The percentage weighting to each asset class within the investment portfolio will vary. The percentage weighting within each asset class will be allowed to vary within a reasonable range of plus or minus 25 percent of the original allocation amount. To minimize taxable events when rebalancing is required, dividends and net cash inflows will be used to meet the strategic asset allocation targets. If cash flow is not sufficient to meet the target allocation for an asset class, I will decide whether to effect transactions in order to rebalance the asset allocation.

Holdings are checked against the holding limits as shown above in mid-February of each year. We will consider selling off holdings above the limit to raise cash for the next year and to purchase additional shares of any holding which is below the lower limit. In general, we will sell and buy just enough to bring the holding within limits, rather than try to re-center the holding, and otherwise let the holdings drift within limits.

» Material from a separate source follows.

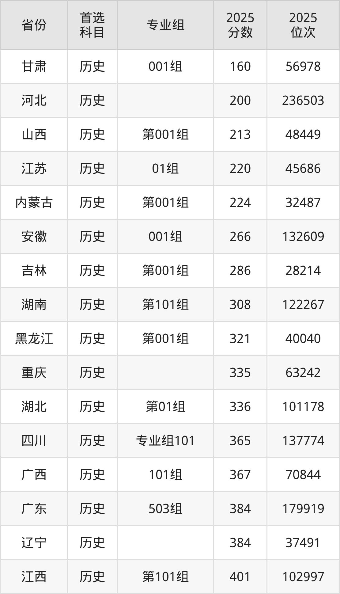 历史类最低分对应地区为甘肃(001组),录取位次为56978;最高分对应地区为贵州,录取位次为61849,超专科线224分。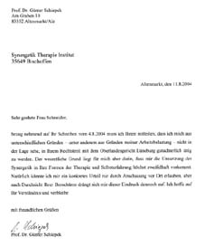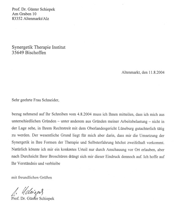 Briefwechsel zur Gutachteranfrage von Profis, die Synergetik

Precise management of the sub allocations is not nearly as important as maintaining the overall 55% / 45% stock to fixed investment ratio.

I like to keep things as simple as possible, but no simpler.
 
I have been retired almost 3 years. When I withdraw my expenses (less anticipated declared divs and cap gains for the upcoming year), I sell from the funds that have exceeded their targets by the most. So far, this has been the extent of my "rebalancing". This past Dec was the first time I actually got a rebalance trigger notice in my spreadsheet, but I ignored it because I knew that within 2 weeks the fund was paying out enough divs and cap gains to put it back in balance and it did.
 
My AA is 45:55 (equities:fixed).

I make my annual withdrawal and rebalance once each year during the first week in January.

Other than that, I rebalance if my overall equity allocation is either less than 42.5% or over 47.5%. This much imbalance doesn't occur very often.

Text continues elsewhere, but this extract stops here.